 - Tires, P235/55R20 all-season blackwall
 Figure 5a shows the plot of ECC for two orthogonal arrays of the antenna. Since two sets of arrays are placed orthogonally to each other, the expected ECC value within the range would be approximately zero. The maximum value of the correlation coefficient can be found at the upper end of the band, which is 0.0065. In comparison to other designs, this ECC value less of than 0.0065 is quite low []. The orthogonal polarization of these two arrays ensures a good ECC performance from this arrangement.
§ §
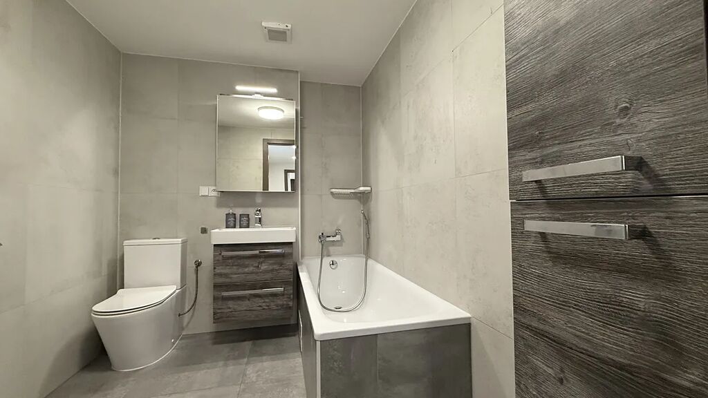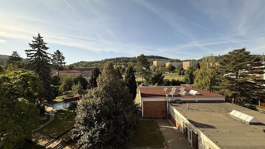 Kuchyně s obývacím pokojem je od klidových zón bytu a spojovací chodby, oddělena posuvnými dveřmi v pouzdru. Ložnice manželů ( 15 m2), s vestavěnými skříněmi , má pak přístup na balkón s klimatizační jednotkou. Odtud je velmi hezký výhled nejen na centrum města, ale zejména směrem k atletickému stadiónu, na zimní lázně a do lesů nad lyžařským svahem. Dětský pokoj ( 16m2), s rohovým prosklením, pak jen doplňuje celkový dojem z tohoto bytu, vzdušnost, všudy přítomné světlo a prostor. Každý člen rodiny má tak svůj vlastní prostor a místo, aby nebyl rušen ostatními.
§ §
What the task asks |
Please give back exactly the lines of this listing beginning at the line with "- Tires, P235/55R20 all-season blackwall" and ending with the line with "Figure 5a shows", both included, and nothing else.

Solution to the exercise |
 - Tires, P235/55R20 all-season blackwall
 Figure 5a shows the plot of ECC for two orthogonal arrays of the antenna. Since two sets of arrays are placed orthogonally to each other, the expected ECC value within the range would be approximately zero. The maximum value of the correlation coefficient can be found at the upper end of the band, which is 0.0065. In comparison to other designs, this ECC value less of than 0.0065 is quite low []. The orthogonal polarization of these two arrays ensures a good ECC performance from this arrangement.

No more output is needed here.